Свирель на ветру
Шрифт:
— Прошу меня извинить, но вы ошиблись. Мне лучше знать, кто я на самом деле есть. А вас понимаю: война… Кто на ней побывал, тот от нее никогда не отмоется. С ее клеймом и в могилу сойдет… Прощай… Воробышек! — И, резко отвернувшись, проскочил в вагон отходящего поезда метрополитена.
* * *
Приглушенные расстоянием шорохи войны, ее утробное урчание немолчно висели в воздухе, как тяжелые обложные тучи. От земли тянуло холодом. Несколько раньше, чем обычно,
Снег выпал и на асфальт пустынной столбовой дороги. Еще недавно оживленное и многоголосое, шоссе теперь лежало мертвой лентой, и не было на нем ни одного отпечатка — ни человеческого, ни звериного.
И когда на этой чистой плоскости, простроченной с двух сторон телеграфными проводами, как бы в конце немыслимо длинного коридора, появилась четкая фигурка размеренно идущего человека, притерпевшаяся к тишине сорока радостно сорвалась с вершинки столба и, суматошно стрекоча, полетела в придорожные кусты.
По дороге шел человек в длинной кавалерийской шинели. Голова его была не покрыта, и темные волосы шевелились на ветру. Шинель застегнута не на все крючки: из расхристанного ворота выглядывала комсоставская гимнастерка. Знаков различия на петлицах гимнастерки не имелось. Крепкие, в отметинах дальней дороги, сапоги яловой кожи оставляли на белом асфальте отчетливые, до черноты камня следы.
Человек шел уверенно, давно устоявшейся походкой путника. Плечи развернуты. Голова на стройной и сильной шее чуть запрокинута. Глубоко упрятанные в глазницах зрачки глаз смотрели на простиравшуюся заснеженную землю с некоторым, едва уловимым, превосходством.
Когда человек вошел в город и поравнялся с первой встречной бабушкой, обметавшей от снега порожек деревянного домика, выяснилось, что путник в кавалерийской шинели был отменного роста (чуть ли не вдвое больше обыкновенной бабушки). Лицо имел нежирное. Рельефные скулы, губы, надбровья. Нос прямой, но короткий.
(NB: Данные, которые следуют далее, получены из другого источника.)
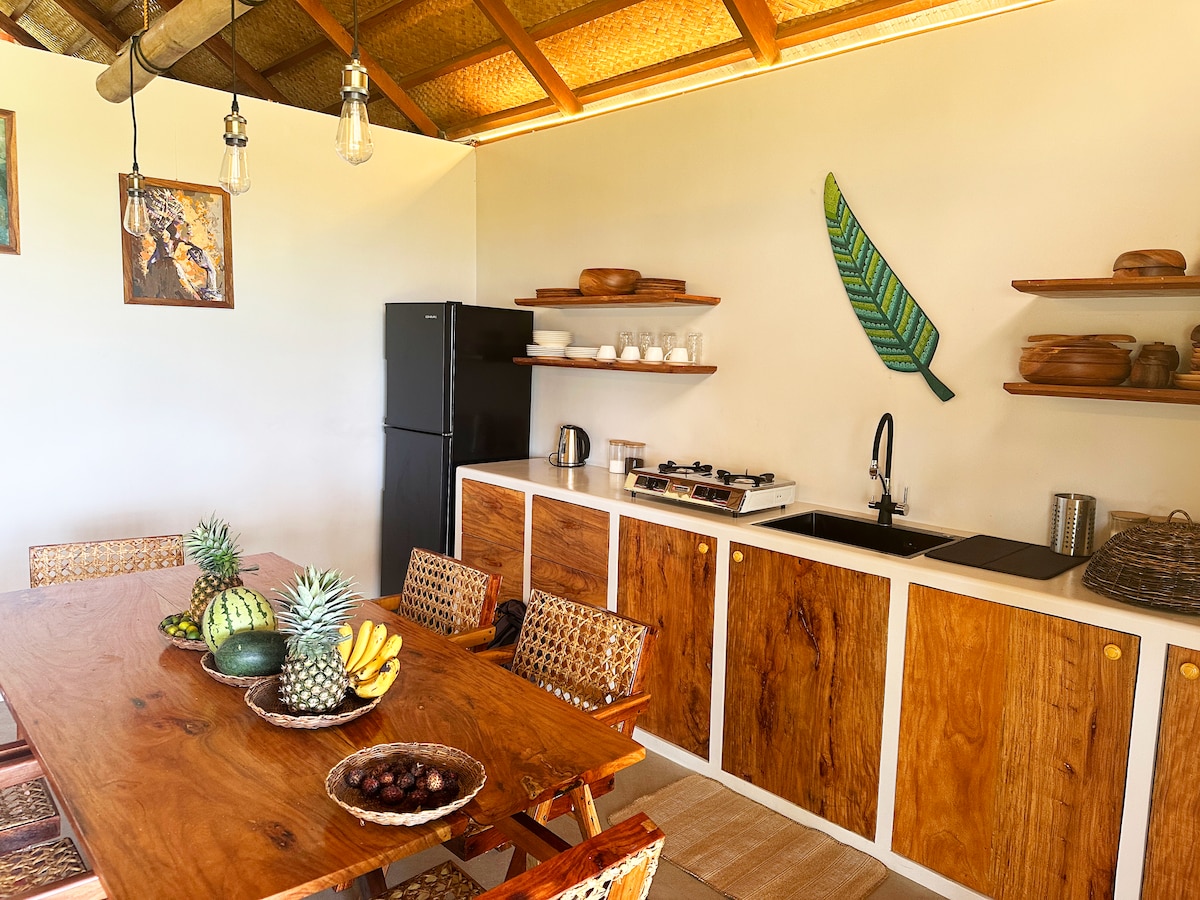 Welcome to your blissful retreat in El Nido, Ananda House. Each house offers a blend of indoor and outdoor living. Inside, you’ll find an open-plan living room and fully-equipped kitchen, an air-conditioned bedroom with a king-sized bed and blackout curtains, and an ensuite bathroom with an indoor garden. Step outside to your own private plunge pool, surrounded by lush greenery. Our houses are solar-powered, a thoughtful feature given the island’s frequent power outages.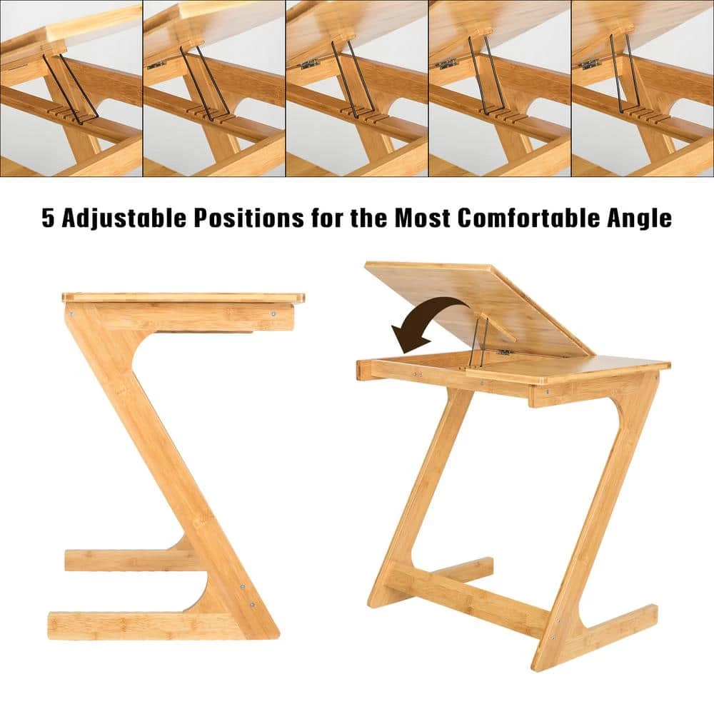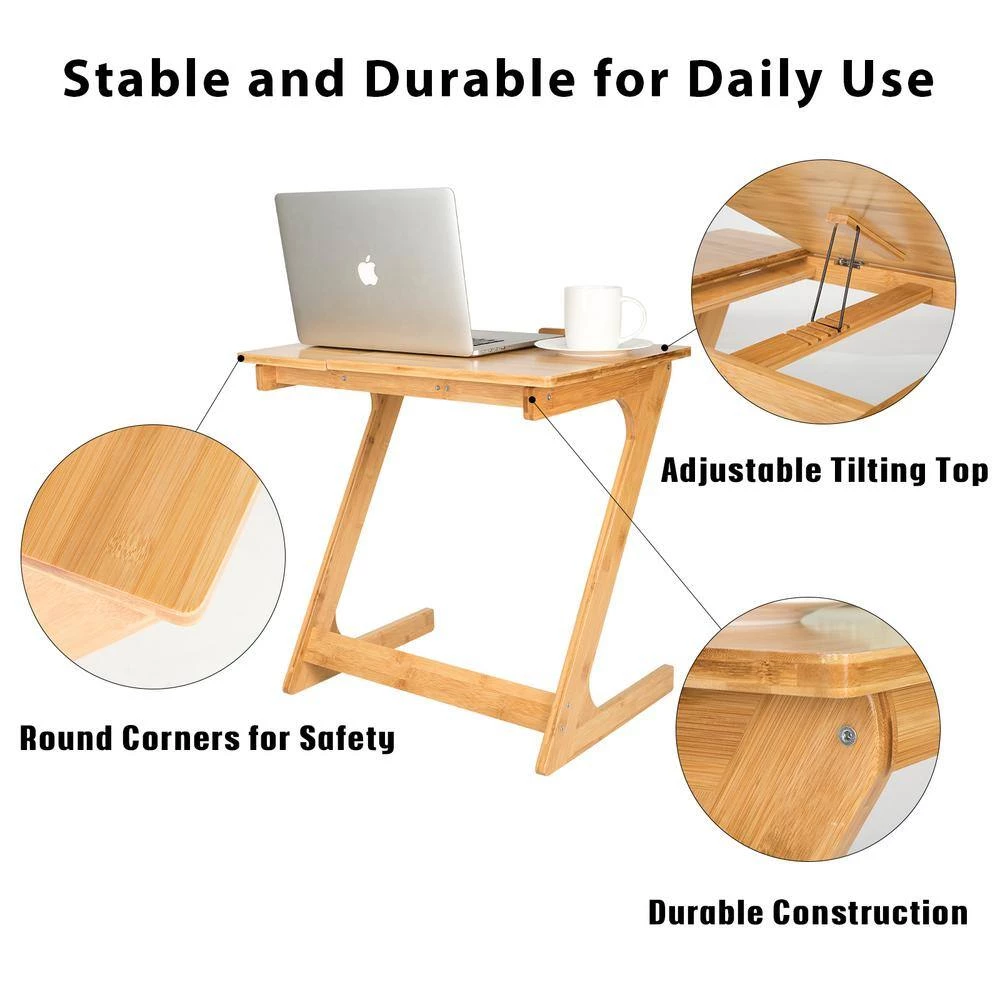 Using this Z-shaped side table can help you enrich your daily life, this is an adjustable side table, unique 5 adjustable slots can be adjusted into 5 positions according to your different needs, which will prevent neck fatigue and eye fatigue . And a removable baffle for preventing laptop sliding off when the top is adjusted obliquely. And its material is made of 100% natural bamboo, so it is not easy to corrode or damage. In terms of design, it is fully in line with the aesthetics of modern people and is very in line with the trend of the times. With it, I believe it can add an elegant and fashionable atmosphere to your home. It is very convenient and practical, and it is very light, you can put it in any place of the house without being obtrusive.This side table is design in concise and modern style, which will match well with your home decor. Because of the compact size and smart function, our end table is a perfect solution to be placed in bedroom, living room, study or office as a side table or laptop table.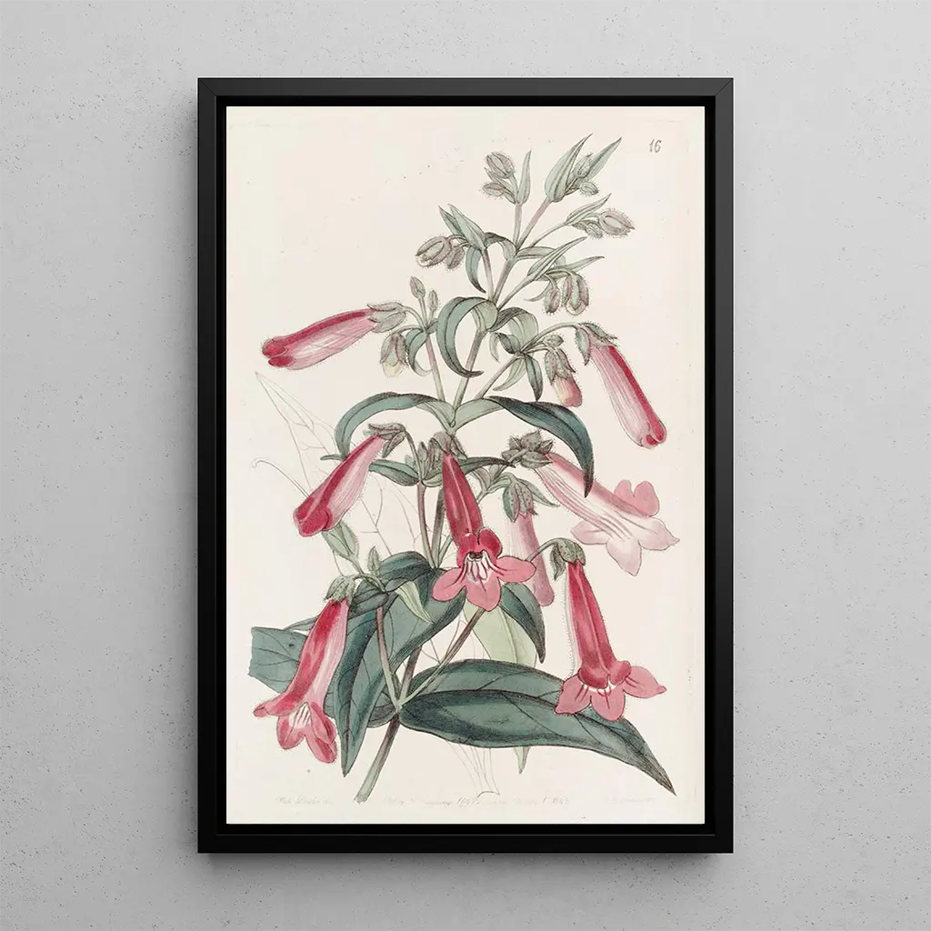 Detta konsttryck "Pentstemon transparent liknande gentianen" av Sydenham Edwards är ett verk som hyllar naturens skönhet genom noggranna detaljer och livfulla färger. Kompositionen framhäver delikata blommor, vars genomskinliga kronblad verkar fånga ljuset och skapa en eterisk atmosfär. Nyansen av blått och lila blandas harmoniskt och framkallar en känsla av frid och friskhet. Akvarelltekniken, som används med skicklighet, möjliggör att fånga blommornas lätthet samtidigt som den behåller en anmärkningsvärt precis detaljrikedom. Detta konsttryck inbjuder till ett lugnt eftertanke, där varje detalj avslöjar den magiska världen av växtlighet.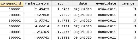 stata实现事件研究法的过程中,可以用普林斯顿大学的程序实现,然而,我发现该程序,在处理数据的时候,用merge命令,会将一个公司对应n个事件(同一类事件),得到类似于如下表格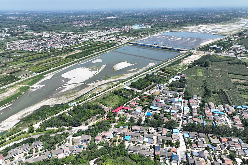 这是黄池沟配水枢纽旁的黑河景色(7月16日摄,无人机照片)。新华社记者 邵瑞 摄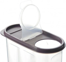 Veko s výklopným výsypným otvorom umožní nasypať presné množstvo múky, cukru či cereálií bez skladania celého veka.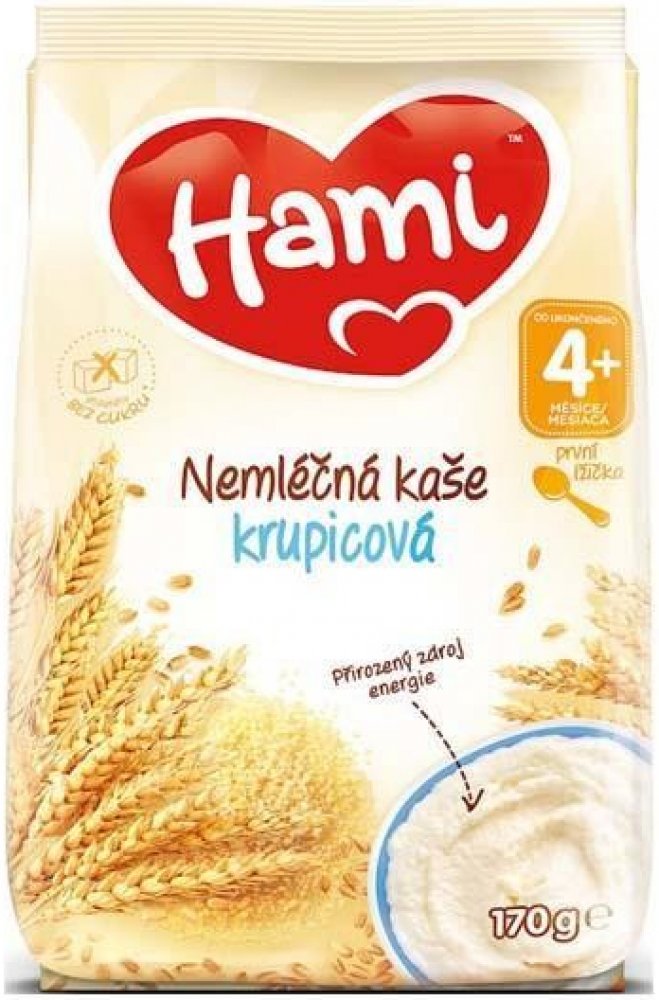 Hami nemléčná kaše krupicová je obilný příkrm určený pro kojence a malé děti od ukončeného 4. měsíce vždy dle doporučení pediatra.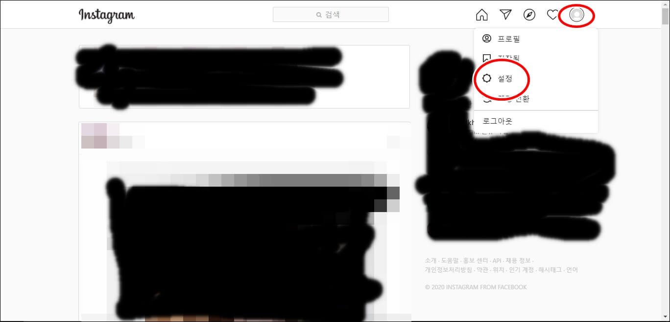 인스타그램 탈퇴방법은 의외로 간단합니다. 먼저 인스타그램에 접속하신 후에 상단 프로필을 클릭하시고 설정을 클릭해줍니다.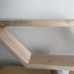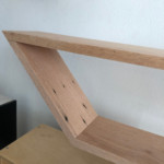 I was inspired to make these shelves after seeing a trapezoid shaped shelf that I liked. These are parallelograms, also part of the polygon family, and are made from reclaimed redwood and red oak.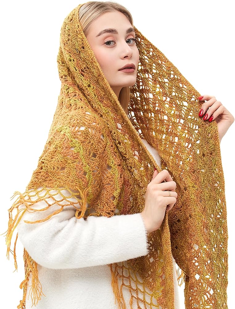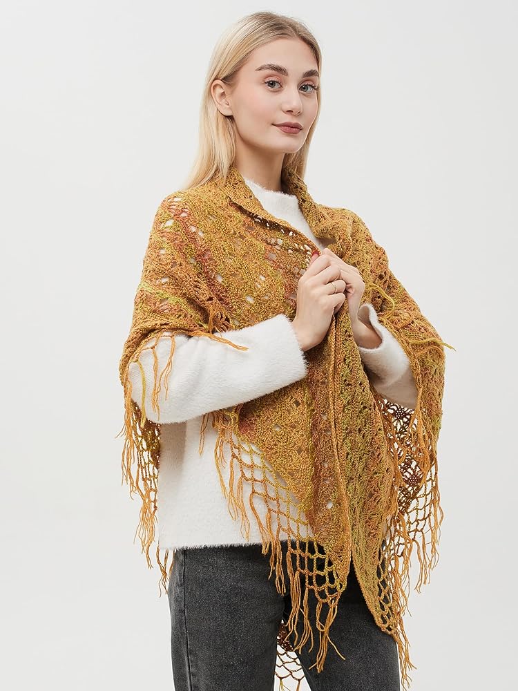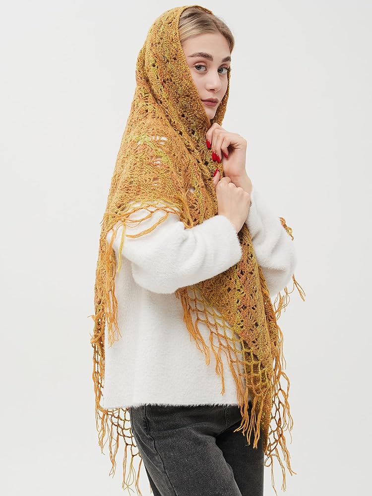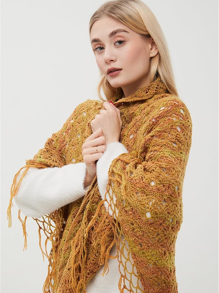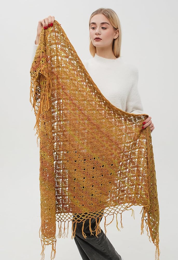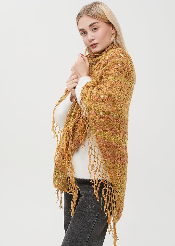 وشاح ملفوف مثلث مكتنز مع شرابات، شال صوف كروشيه، وشاح مكتنز، وشاح هامشي، شال ملفوف متماسك الخردل.

Как бы спиленный снизу вверх.
Бабушка, подняв глаза, не удержала равновесия, мягко плюхнулась на приступок, прикрыв лицо голым веничком, будто от солнца заслонилась.
— Здравствуй, мать! — сверкнул чистейшими, сочными зубами прохожий.
И то, что он заговорил с незнакомой бабушкой на «ты», и вся его здоровая, спортивная стать, уверенный, несуетливый взгляд — все это располагало и вместе с тем отпугивало в нем. «Не юноша, но и не матерый мужик…» — определила бабушка и кряхтя стала отрывать от крылечка отяжелевшее за годы жизни туловище. Большой мужчина ловко подсобил ей подняться. Перекинул с плеча на плечо полупустой брезентовый вещмешок и еще раз очаровательно улыбнулся старушке:
— Райком партии по какому адресу будет?
— Рай-ко-ом?! — Старушка испуганно сморщилась. — Да кто ж его теперича знает… Не ведаю, гражданин хороший, про такое. А ты, что
— Военная тайна, бабушка… Главное — свой я, русский.
— И куда ж ты, сердешный, направляисси?
— В Москву, мать. Куда же еще… А там видно будет.
— А пришел-то откуль?
— Оттуда… — показал рукой на запад. — От немцев.
— Да неужто?! И ты что же… видел их?
— Видел, бабушка. И руками трогал.
— И они тебя… живым оставили? Как же ты убрался-то от них?
— Как сквозь масло! Даже не поцарапали. У меня, бабушка, шапка-невидимка в котомке.
Бабушка сразу погрустнела, заскребла веником, отвернулась от кавалериста. А тот, сообразив, что сказал лишнее, что старушке не до шуток, пояснил:
— Если с умом, так и с того света выбраться можно. Ладно, мать. Стало быть, не знаешь, где райком?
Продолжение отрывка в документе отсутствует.